Constellation contains a set of functions for applying multidimensional, time window based logic to time series data frames of arbitrary length. Constellation was developed to enable rapid and flexible identification of series of events that occur in hospitalized patients. The functions have been abstracted for general purpose use with time series data. Constellation extends and provides a friendly API to rolling joins and overlap joins implemented in [data.table](https://CRAN.R-project.org/package=data.table). Three datasets (labs, vitals, and orders) with randomly synthesized time series data for a cohort of 100 patients are included to facilitate testing of functions.
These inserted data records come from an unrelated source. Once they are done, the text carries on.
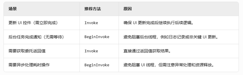 BeginInvoke的线程不会阻塞,委托会立即被加入目标线程的消息队列,由目标线程异步执行。 - 适用场景:不关心被调用代码的执行结果,或希望避免阻塞当前线程。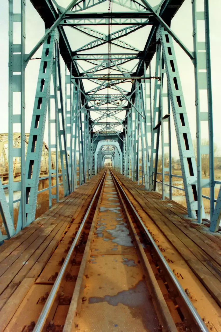 Ciekawostką niekolejową jest widoczna budowa trzeciego mostu drogowego w tym miejscu (oddany w 1995), a całość fotografowana z drewnianego mostu drugiego (z 1956).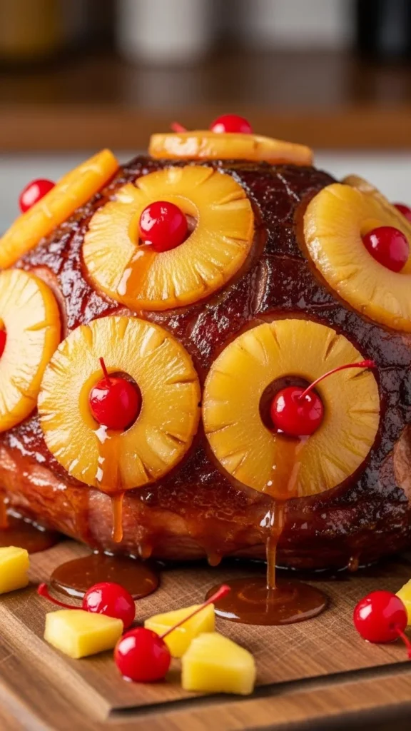 Score ham, brush with glaze, top with pineapple, and bake. Budget-friendly: small hams work well. This sweet-savory main is festive and crowd-pleasing.
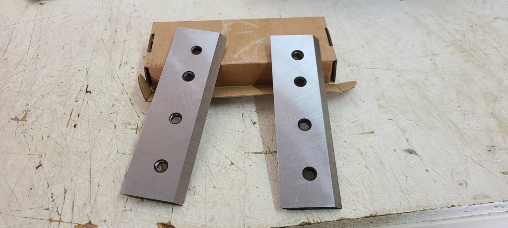 Two reversible hardened steel blades for extended cutting life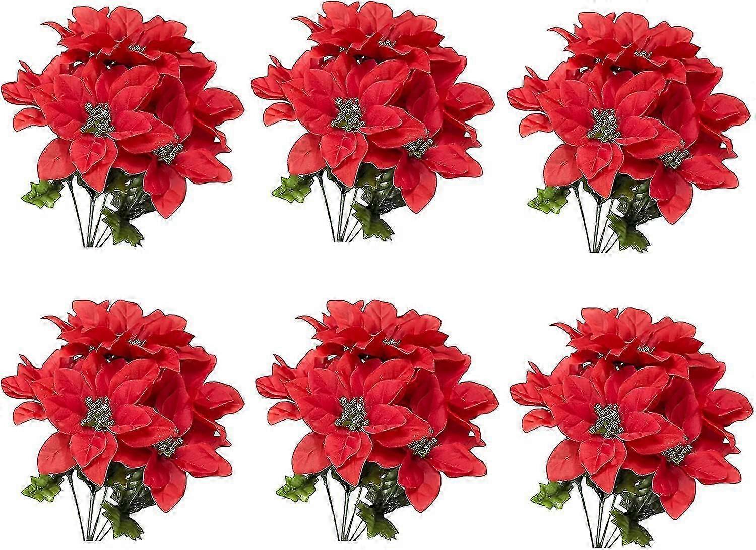 6 Pack Artificial Poinsettia Bushes,13.8 Inch Faux Red 7 Stems Velvet Poinsettia Floral For Indoor Outdoor Heilwiy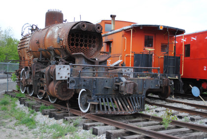 Nice wood working. From here we drove to Owosso for a pre-arranged tour to see Pere Marquette 2-8-4 1225. When we arrived there was no one in their offices so we decided to look around and try to find someone on the grounds.

There are five functions included in constellation to build complex features from time series data:

* `value_change()` identify increases or decreases in a value within a given time window
* `constellate()` identify time stamps when a series of events occurs within a given time window
* `constellate_criteria()` identify which events occur within a given time window for every measurement time stamp
* `bundle()` identify which events occur within a given time window of a given event
* `incidents()` identify distinct, incident episodes that must be separated in time by a minimum of a given time window

The `constellate_criteria()` and `bundle()` function are similar, but the `bundle()` function is anchored around a specific event table. The `bundle()` function identifies events that occur within a given time window of a **specific** event data frame that is supplied to the function. On the other hand, the `constellate_criteria()` function identifies events that occur within a given time window of **any** event data frame that is supplied to the function. The first data frame passed to the `bundle()` function is used as an anchor to search through the subsequent data frames passed to the function. The order of data frames is significant and passing different data frames as the first argument will generate different results. On the other hand, the order in which you pass data frames to the `constellate_criteria()` function is insignificant. Passing data frames in different orders will generate equivalent results.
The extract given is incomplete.